Créations en semi-confinement, vidéos d’art, alliage entre solo et poésie (Paul Eluard pour le graphique et magnifique solo Mur_mur de Lia Beuchat) ou récit de soi. Mais aussi montage commenté d’une création, extraits de spectacles live et teasers dessinent un kaléidoscope de styles. Le programme témoigne d’une belle variété chorégraphique aujourd’hui mise à mal par une crise économique et sociale d’une ampleur historique. Voici une manière de «sensibiliser aux métiers de la danse», souligne l’association les Rencontres Professionnelles de danses – Genève qui a coordonné ce bouquet d’expressions chorégraphiques.

Temps dilué

«Le temps s’étire… s’étire. Qu’est-ce que le temps? Où es-tu? Que fais-tu? A quoi rêves-tu?», murmure la voix respirante de Deborah Chevalier déployant ses postures contact-release. En régime semi-confinée, la danseuse est posée sur un fin balcon marbré rappelant les premiers solos de la chorégraphe postmoderne américaine historique, Lucinda Childs. Avant de s’échapper du cadre dans une virevolte évoquant de loin en loin Isadora Duncan (L’art du présent – Balcon finé).
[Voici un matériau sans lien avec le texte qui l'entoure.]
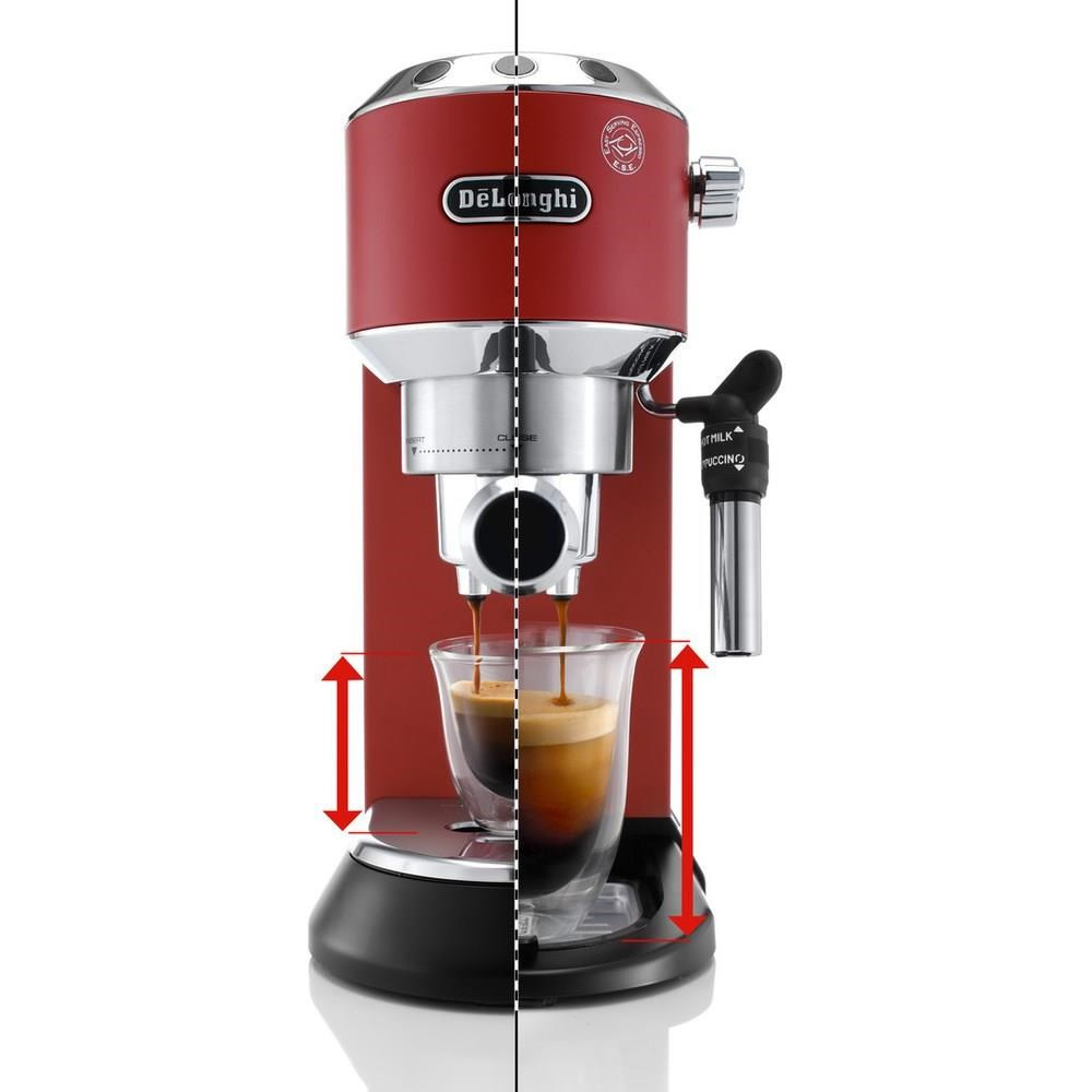Nastaviteľná výška odkvapkávacieho taniera umožňuje používanie rôzne vysokých šálok, dokonca až do 12 cm. Môžete pripraviť kávu do elegantných skiel na latte macchiato alebo do svojho obľúbeného hrnčeka. Ideálna teplota podávanej kávy je garantovaná, nielen vďaka možnosti nastaviť jednu zo troch úrovní teploty kávy. Nadto kávovar De'Longhi pasívne zohrieva šálky na určenom odkládacom mieste tým, že je sám o sebe zahrievaný, čím prenáša teplo ďalej na šálky. Objem nádržky na vodu je 1,1 l.

Inspiré d’une inversion de la formule due au philosophe français Descartes, deux corps chaloupés oscillent lentement comme herbes kunai au vent. Ils sont ceux, somatiques et pulsionnels, électriques et en transe répétitive, groovy, émancipatrice d’un étonnant prodige, Léa Deschaintres et d’Ilario Santoro. Ce dernier est un chorégraphe et danseur venu du hip hop. Il témoigne face caméra: «Quand je danse, je pense moins. Du coup, je me sens bien.» (Je pense donc je ne suis pas).
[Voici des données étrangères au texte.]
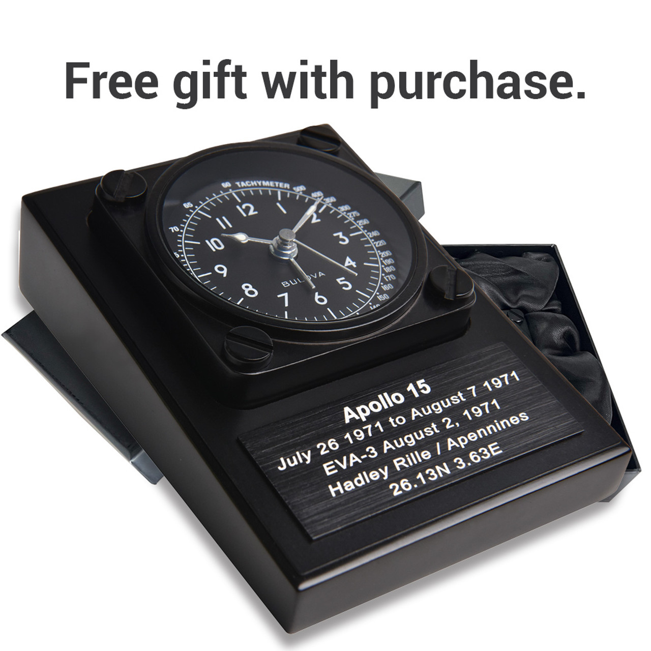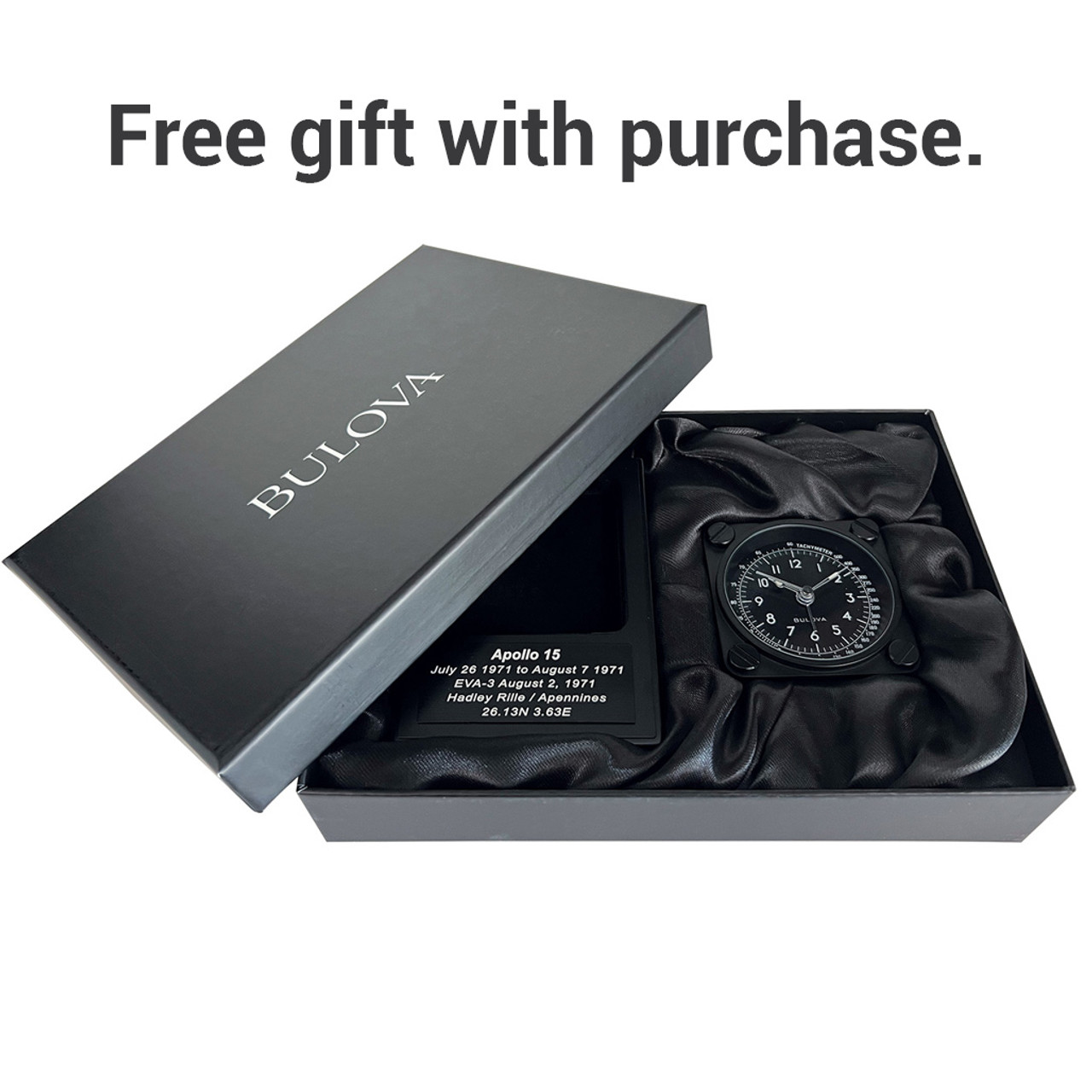 The design of our LunarPilot travel alarm clock is inspired by the Lunar capsule instrument used inthe Apollo 15 trip to the Moon. The plaque base in which the removable alarm clock rests features an engravingplate that notes the exact location the Lander was left in the Sea ofTranquility along with a Bulova-made timing instrument that was used to capturescientific data for years after the landing. Overall dimensions with clock inplaque 1.4” H x 4.1” L x 3.1” W Alarm clock (separate), 2.4” H x 2.4” W x .75”D. LR44 battery included. The clock and plaque come nestled within a sateenblack liner in a Bulova presentation box. Printed on the outer package is a map of the moon that shows the exact location of the Bulova instrument.

«Black Dancing Lives Matter»

L’aurait-on oublié? En danse aussi, «Les Vies Noires Comptent». Issu, à l’en croire, de la même ethnie que Yannick Noah, le Camerounais d’origine Ivan Larson nous fait sa Saga Africa à l’envers. En live enregistré, les secousses percussives endiablées immergent dans le ghosting ou enroulement sur soi – ici en vrille – cher tant au danseur flamenco des solitudes, Israel Galván, qu’au démiurge américain contemporain, William Forsythe. L’alphabet chorégraphique du jeune homme met en exergue un condensé ou compendium de sources: racines arabo-andalouses, traditions africaines revisitées – les sauts en vrilles des transes gnaoua ou de fier guerriers Masaï – , le contemporain ironique et décalé et un hip hop déstructuré.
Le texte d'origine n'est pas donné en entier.